• [ACTIVITY] Return all lines of the data in which the string "Geoană" occurs.

Recorded data

---

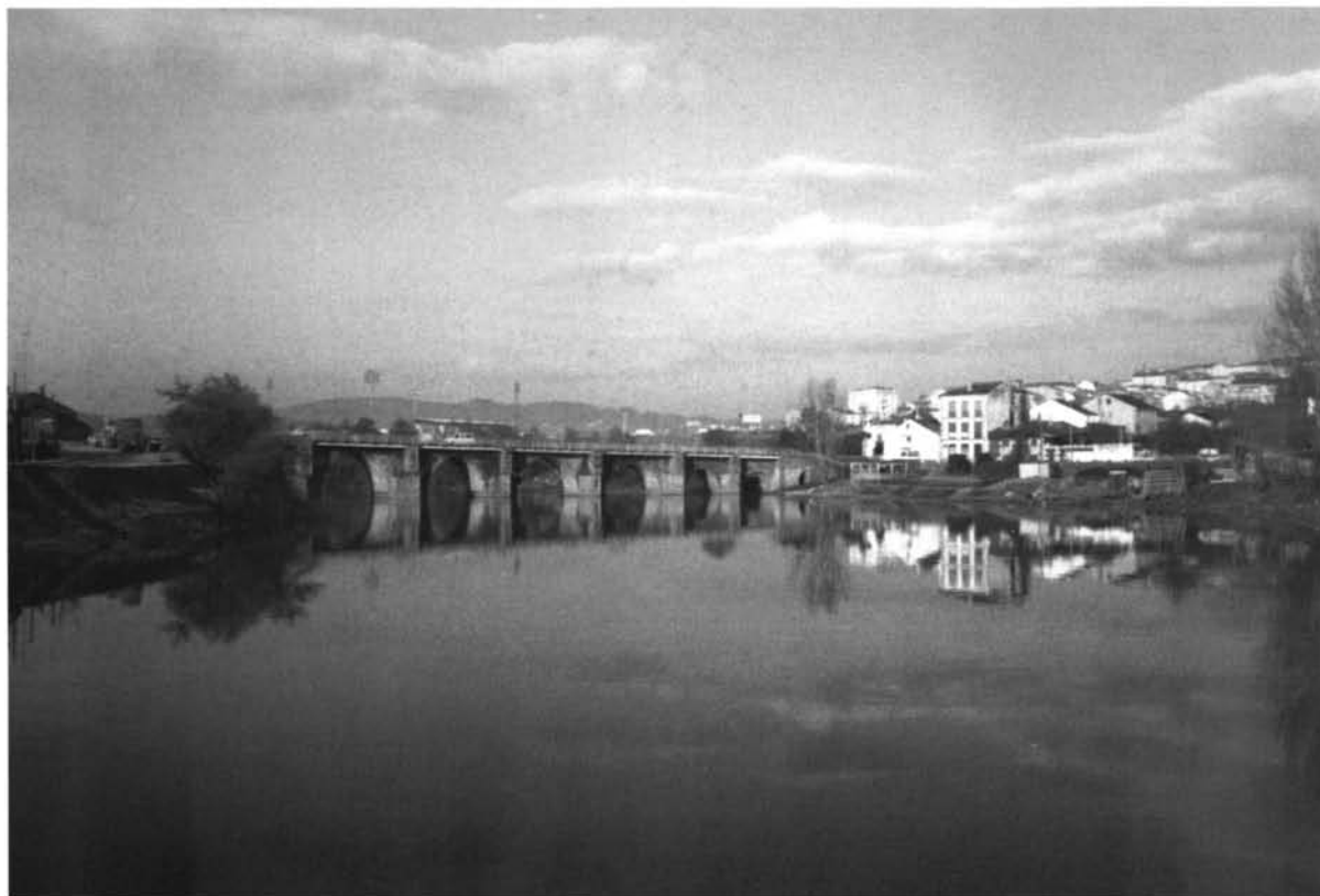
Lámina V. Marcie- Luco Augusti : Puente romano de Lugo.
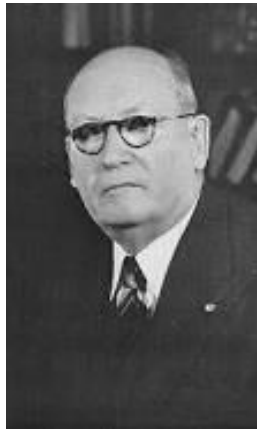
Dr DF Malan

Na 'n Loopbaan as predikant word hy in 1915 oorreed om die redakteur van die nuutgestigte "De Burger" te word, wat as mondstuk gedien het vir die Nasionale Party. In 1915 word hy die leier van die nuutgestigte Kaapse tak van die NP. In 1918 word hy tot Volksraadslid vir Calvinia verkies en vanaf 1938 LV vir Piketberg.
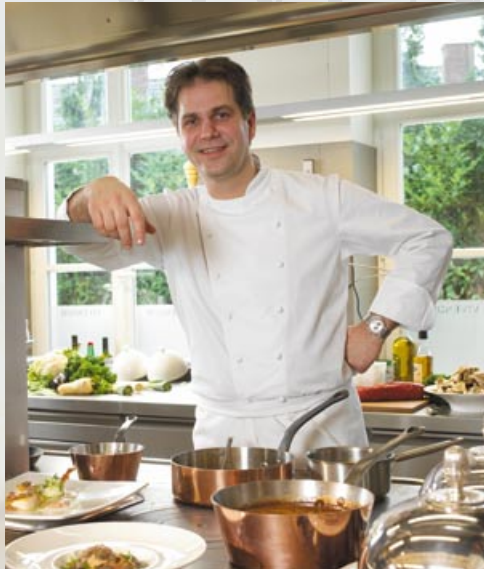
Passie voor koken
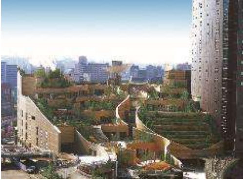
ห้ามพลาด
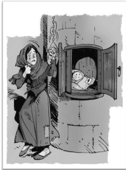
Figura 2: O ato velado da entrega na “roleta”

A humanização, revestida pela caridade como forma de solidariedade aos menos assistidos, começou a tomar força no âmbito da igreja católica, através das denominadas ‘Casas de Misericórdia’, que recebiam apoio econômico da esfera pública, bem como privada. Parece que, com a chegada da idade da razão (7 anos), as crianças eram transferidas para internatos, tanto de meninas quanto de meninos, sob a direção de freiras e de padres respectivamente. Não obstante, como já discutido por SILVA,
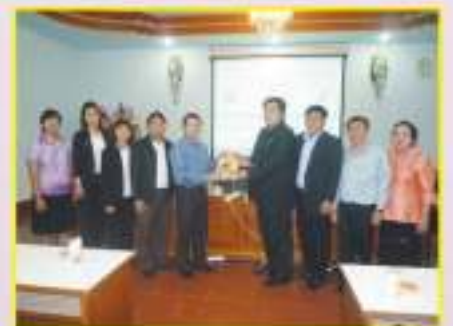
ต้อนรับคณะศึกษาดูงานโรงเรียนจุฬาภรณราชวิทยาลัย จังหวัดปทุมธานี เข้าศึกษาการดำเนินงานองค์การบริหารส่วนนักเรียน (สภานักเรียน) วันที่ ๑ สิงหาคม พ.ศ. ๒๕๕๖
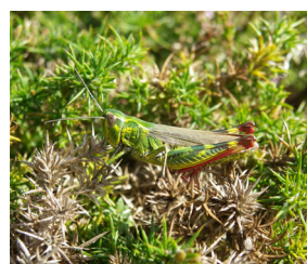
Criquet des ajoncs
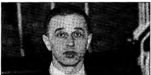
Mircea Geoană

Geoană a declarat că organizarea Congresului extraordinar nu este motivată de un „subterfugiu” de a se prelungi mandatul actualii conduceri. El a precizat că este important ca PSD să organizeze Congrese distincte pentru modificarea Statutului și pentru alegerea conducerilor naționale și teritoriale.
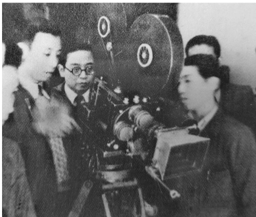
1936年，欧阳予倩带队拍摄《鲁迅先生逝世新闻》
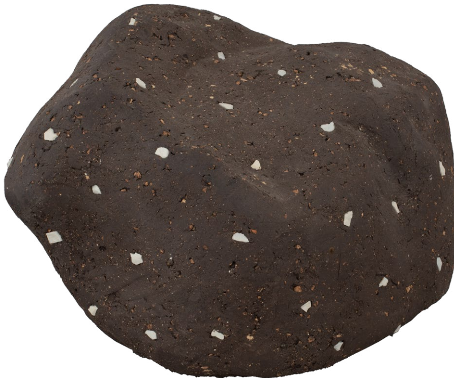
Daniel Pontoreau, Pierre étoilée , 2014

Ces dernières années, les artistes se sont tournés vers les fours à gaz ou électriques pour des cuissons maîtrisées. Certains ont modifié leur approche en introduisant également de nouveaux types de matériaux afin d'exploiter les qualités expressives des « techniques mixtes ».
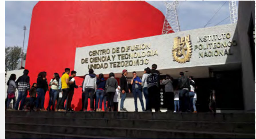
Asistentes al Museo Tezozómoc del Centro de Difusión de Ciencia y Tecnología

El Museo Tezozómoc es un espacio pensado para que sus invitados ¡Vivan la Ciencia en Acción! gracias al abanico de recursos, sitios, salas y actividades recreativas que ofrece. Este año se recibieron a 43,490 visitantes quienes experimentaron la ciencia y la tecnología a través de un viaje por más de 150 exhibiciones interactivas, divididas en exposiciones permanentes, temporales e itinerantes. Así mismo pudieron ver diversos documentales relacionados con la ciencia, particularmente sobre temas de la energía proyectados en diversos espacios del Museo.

---

• [SOLUTION]
Mircea Geoană
Geoană a declarat că organizarea Congresului extraordinar nu este motivată de un „subterfugiu” de a se prelungi mandatul actualii conduceri. El a precizat că este important ca PSD să organizeze Congrese distincte pentru modificarea Statutului și pentru alegerea conducerilor naționale și teritoriale.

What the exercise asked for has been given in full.